(Dataset entries)
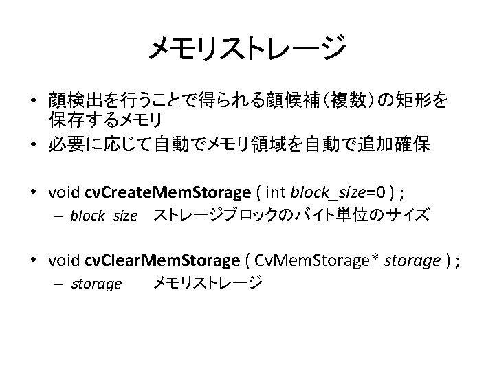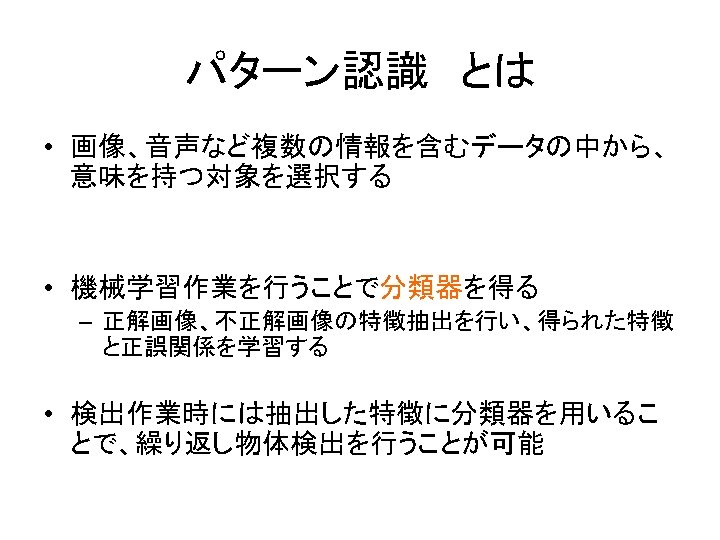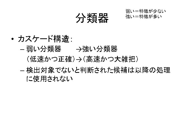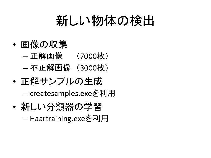 用意されている分類器 • カスケード構造 – – – – – 目 目(眼鏡有) 正面顔 正面顔(弱分類器 2個) 横顔 全身 下半身 上半身 :haarcascade_eye. xml :haarcascade_eye_tree_eyeglasses. xml :haarcascade_frontalface_default. xml :haarcascade_frontalface_alt 2. xml :haarcascade_profileface. xml :haarcascade_fullbody. xml :haarcascade_lowerbody. xml :haarcascade_upperbody. xml • 木構造 – 正面顔 :haarcascade_frontalface_alt_tree. xml (各カスケードの解像度に注意)
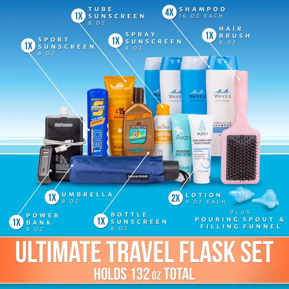 ·BUNDLE PACK DEAL: 45 percent savings compared to buying our flasks separately; Set includes 2 Shampoo, 2 Conditioner, 2 Lotion, 1 Classic Sunscreen, 1 Sport Sunscreen, 1 Tube Sunscreen, 1 Spray Sunscreen, 1 Power Bank, 1 Umbrella, & 1 Brush
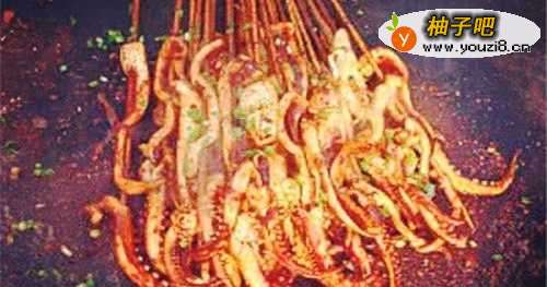 2铁板鱿鱼,算是路边摊中高大上的食物了,小贩们翻动着鱿鱼,美味的声音吱吱作响,然后配上好吃的酱料,让人难以抗拒。
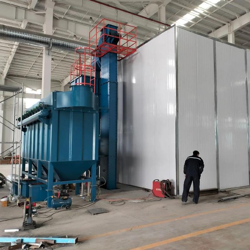 全自動(dòng)打砂房刮板回砂除塵凈化設(shè)備是一種用于噴砂作業(yè)中砂料回收和粉塵凈化的設(shè)備,以下是其相關(guān)介紹:
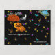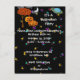 Halloween Invitation Featuring a Black Sky, Crescent Moon, Colourful Saturn, Clouds and more colourful stars abound. Cute Pumpkin Family standing next to a tree with orange fall colour Leaves and a Big BOO! With eyes atop the letters all inviting you to a most but not too spooky Halloween Harvest Party. Perfect for the Church Harvest Halloween Party too!
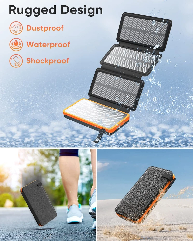 25000mAh High Capacity: The solar power bank charges up 6-8 times for a cell phone and 2.5 times for a tablet, great for a week-long trip. Large Solar Panels: This solar charger comes with 4 high-performance solar panels that can reach 6W in direct sunlight to keep your phone up and running even in places without electricity. Fast Charging: With the upgraded 15W output, the portable solar charger can fast charge an iPhone to 50% in 30 minutes. One USB C port and dual USB A ports achieve the simultaneous charging for three devices. Perfect for Outdoors: Built in bright flashlight; Compact and easy to hang it on your backpack to get sunlight, a must-have for various emergencies. 2.5X Recharging: The USB C port supports both input and output. A full recharge will take about only 8 hours with a PD fast charger (not included). Internal security system protects your device from damage.
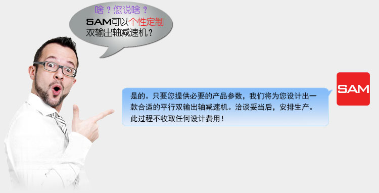 雙輸出軸減速機(jī)僅僅是非標(biāo)準(zhǔn)減速機(jī)中較有代表性的產(chǎn)品之一,在十多年的產(chǎn)品定制過程中,我們接觸了太多的非標(biāo)減速機(jī)案例,比如6軸、8軸、甚至還有14軸的多軸減速機(jī)。其實(shí),我們關(guān)心的不是您的設(shè)備需要幾根輸出軸,我們關(guān)心的是,您的技術(shù)參數(shù)是否準(zhǔn)確并完整。只要技術(shù)參數(shù)到位了,正常情況下,我們都可以給出佳的技術(shù)方案。
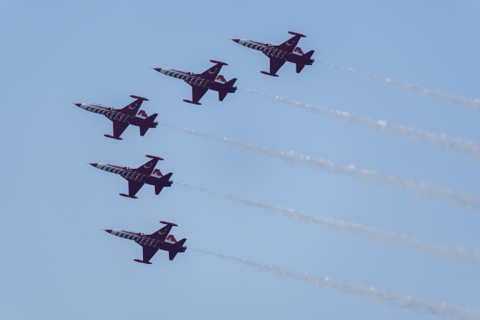 Türk Yıldızları Akrobasi Timi, Kıbrıs Barış Harekatı'nın 50'nci yıl dönümü kapsamında prova uçuşu yaptı.
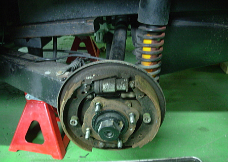 リアの足回りでも、まずはブレーキの分解・点検を実施中です。
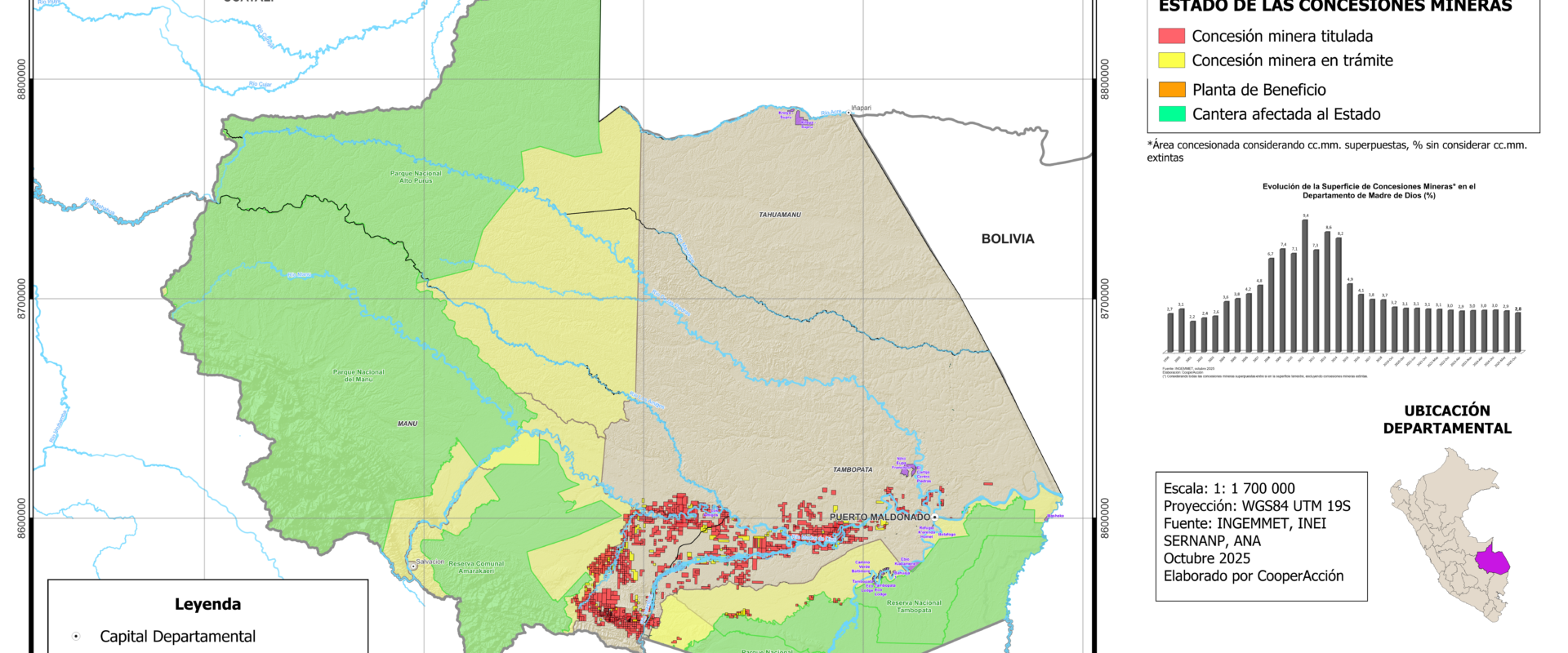 Mapa de concesiones mineras en el departamento de Madre de Dios, al mes de octubre del año 2025.
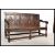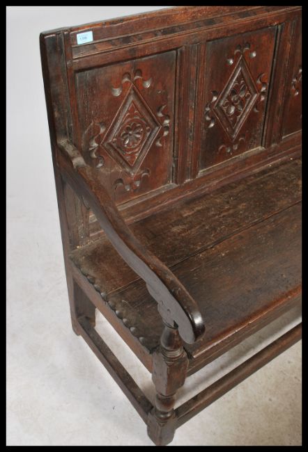 An early 18th century country oak settle bench. The back with recessed fielded panels over a bench seat curved arms and a bench seat with loose cushion. All raised on turned and block front supports united by stretchers. 93x155x56
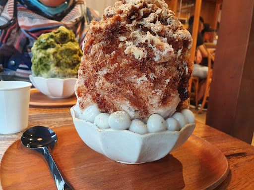 There are two types of shaved ice which we can order, matcha and black tea. Inside both of the shaved ice, there is small peanut mochi, but there is also some sticky rice inside the matcha one. If you dont like sweet, it is better to order the matcha, since the black tea shaved ice has more brown sugar flavor in it - - "
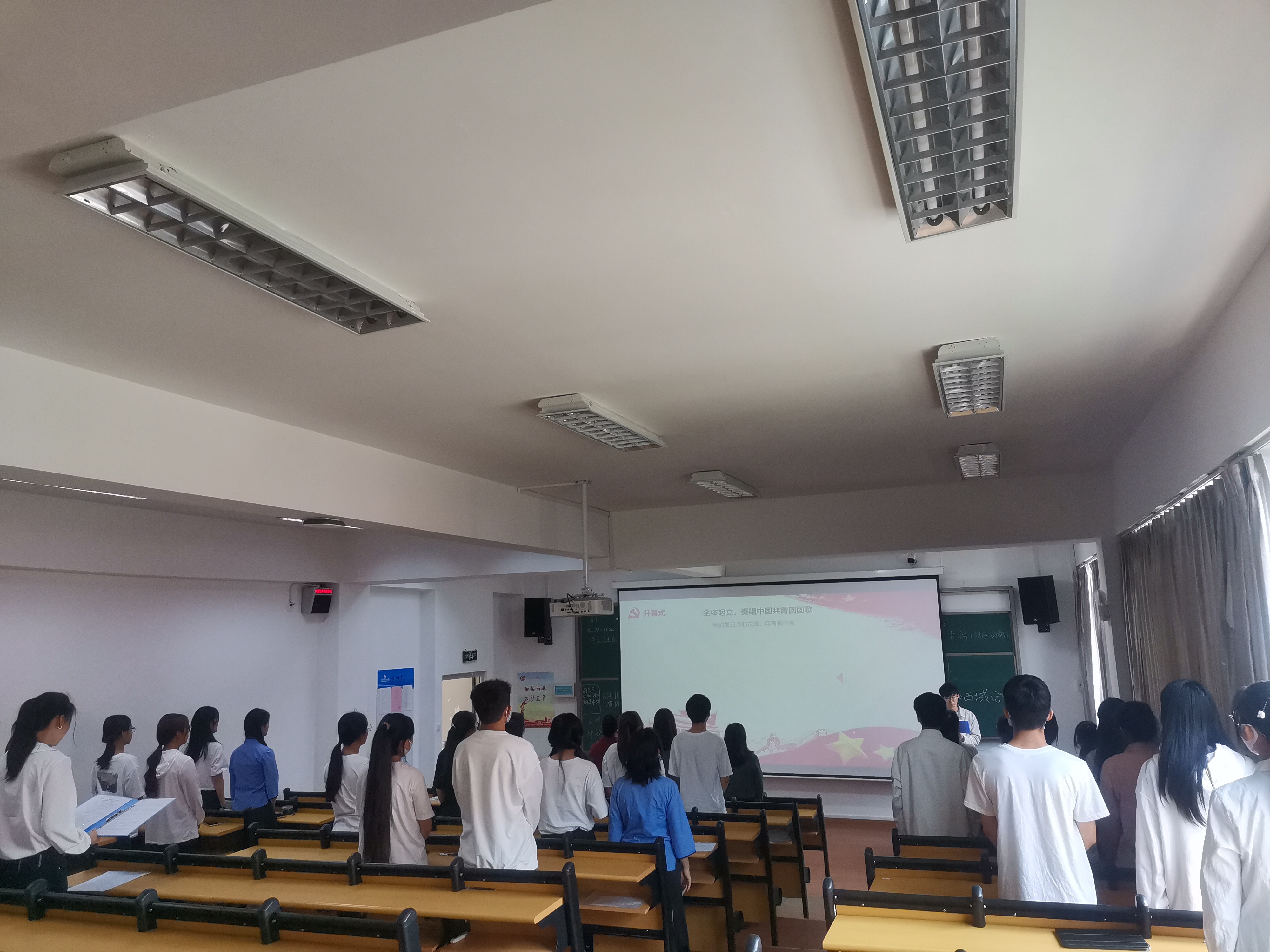 在会议正式开始之前全体参会人员奏唱中国共青团团歌。
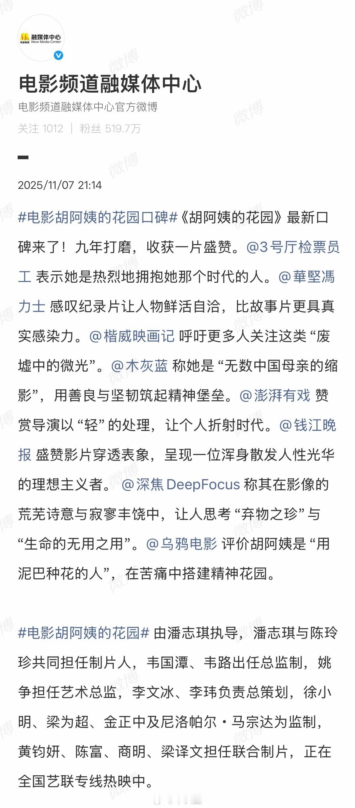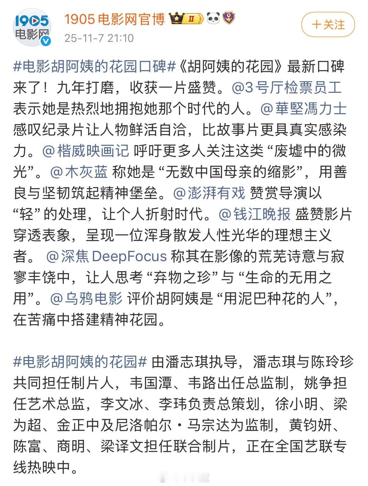 借此机会也想再次推荐这部非常好的电影「胡阿姨的花园」,是去年上海电影节的最佳纪录片。记得当时在影院看的时候,很多人都哭了。就是排片太少了,很可惜。

** Task instructions **
Return exactly the lines that appear in the data above between the line containing "Umbrella, & 1 Brush" and the line containing "Halloween Invitation Featuring", both of which are included, and leave the pictures out.

** Answer to this task **
 ·BUNDLE PACK DEAL: 45 percent savings compared to buying our flasks separately; Set includes 2 Shampoo, 2 Conditioner, 2 Lotion, 1 Classic Sunscreen, 1 Sport Sunscreen, 1 Tube Sunscreen, 1 Spray Sunscreen, 1 Power Bank, 1 Umbrella, & 1 Brush
 2铁板鱿鱼,算是路边摊中高大上的食物了,小贩们翻动着鱿鱼,美味的声音吱吱作响,然后配上好吃的酱料,让人难以抗拒。
 全自動(dòng)打砂房刮板回砂除塵凈化設(shè)備是一種用于噴砂作業(yè)中砂料回收和粉塵凈化的設(shè)備,以下是其相關(guān)介紹:
 Halloween Invitation Featuring a Black Sky, Crescent Moon, Colourful Saturn, Clouds and more colourful stars abound. Cute Pumpkin Family standing next to a tree with orange fall colour Leaves and a Big BOO! With eyes atop the letters all inviting you to a most but not too spooky Halloween Harvest Party. Perfect for the Church Harvest Halloween Party too!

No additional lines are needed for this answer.